This project is an industrial CASE PhD studentship led by supervisors at the University of Leeds and the industrial supervisor at Unilever Colworth. It is an applied physics project combining work on advanced experimental techniques with development of new analysis approaches aimed to identify and understand the behaviour of food-related biopolymers.
For many food products, the aim of industrial R&D is to increase their sustainability, health and ethical credentials without compromising the user experience and cost. To achieve this, old rules based on existing ingredients may not hold any more and a thorough understanding of the relevant food matrices is necessary, not only on the macroscopic scale but on the microscopic and molecular scales. Foods are generally complex multi-phase structures, characterized by a wide range of length- and time-scales. This complexity means that advanced characterisation techniques and analysis approaches are needed to fully understand, and thus control, their behaviour.
This project focuses on the important food polymer Locust Bean Gum (LBG), which is derived from the seeds of the carob tree and is used in foods for its strong thickening, stabilizing and gel-forming properties.
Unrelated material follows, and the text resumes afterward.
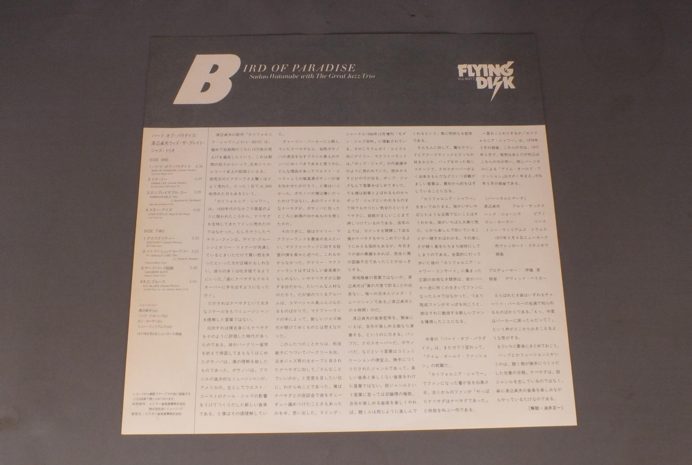 SADAO WATANABE WITH THE GREAT JAZZ TRIO渡辺貞夫ウィズ・ザ・グレイト・ジャズ・トリオ/BIRD OF PARADISEバード・オブ・パラダイス VIJ6017 製造国:日本盤 / Media:LP外観:EX盤の状態:EX+ 価格(税込):¥880(売約済) 送料 7inch:定形外郵便 360円~LP:定形外郵便 660円~送料は、注文の最終画面で確認頂けます。 > > SADAO WATANABE WITH THE GREAT JAZZ TRIO/BIRD OF PARADISE 外観 (EX)特記事項:背側に日焼け少し。外観EXの共通説明:ダメージが限定的。中古品としては保存状態がよい方。シミ、ヨゴレ、スレ 少し~軽度。 盤の状態 (EX+)特記事項:極薄いスリキズ・スレ少し。一見してきれいな状態です。盤EX+の共通説明:盤面の極薄いスリキズ、スレ少し程度 音に出そうなものは無いように見える(極軽微なソフトティック音は除く)。 Tweet それぞれの画像をクリックすると、大きい写真が見られます こちらの商品もお勧めです 1,210円 BUCK CLAYTONバック・クレイトン / PASSORT TO PARADISEスポート・トゥ・パラダイス 1,320円 SONNY CLARK TRIOソニー・クラーク・トリオ / SAME TITEL 770円 CHARLIE PARKERチャーリー・パーカー / CHARLIE PARKER ON SAVOY VOL7チャーリー・パーカー・オン・サヴォイVOL7 1,210円 ERIC DOLPHYエリック・ドルフィー / LAST DATEラスト・レコーディング 770円 JACQUES LOUSSIER TRIOジャック・ルーシェ・トリオ / PLAY BACH VOL4プレイ・バッハ第4集 440円 ROGER KELLAWAYロジャー・ケラウェイ / CENTER OF THE CIRCLE核 1,320円 BOB CROSBY`S BOB CATSボブ・クロスビーのボブ・キャッツ / BOB CROSBY`S BOB CATSボブ・クロスビーのボブ・キャッツ 660円 SADAO WATANABE渡辺貞夫 / CALIFORNIA SHOWERカリフォルニア・シャワー

LBG is a neutral, linear polysaccharide which combines a mannose backbone with an irregular distribution of galactose side-chains where the different solubility of the backbone and side-chains lead to superstructures such as aggregates and ‘hyperentanglements’. LBG is often used in the presence of solutes such as polyols or sugars, which significantly modify the interactions and behaviour. For instance, it is well known that LBG solutions can form gels under suitable solvent conditions and in response to freeze-thaw cycles, where material structuring driven by ice growth can significantly modify the local LBG structure and rheology.
The project will combine a range of experimental techniques. Microscopy and scattering (light, x-ray and neutron) will be used to characterize the development of structure and dynamics across a wide range of length- and time-scales for LBG of varying chain characteristics and in solutions of varying solute composition. Both bulk rheology and microrheological techniques will be used to investigate how the local rheological response varies with LBG and solute composition and how this contributes to the bulk properties. The inter-relationship between ice growth, structuring and local rheology is of particular interest. The project will involve the development of new active microrheology techniques to address the difficult task of mapping out the link between local rheological properties, phase segregation and solution crystallization.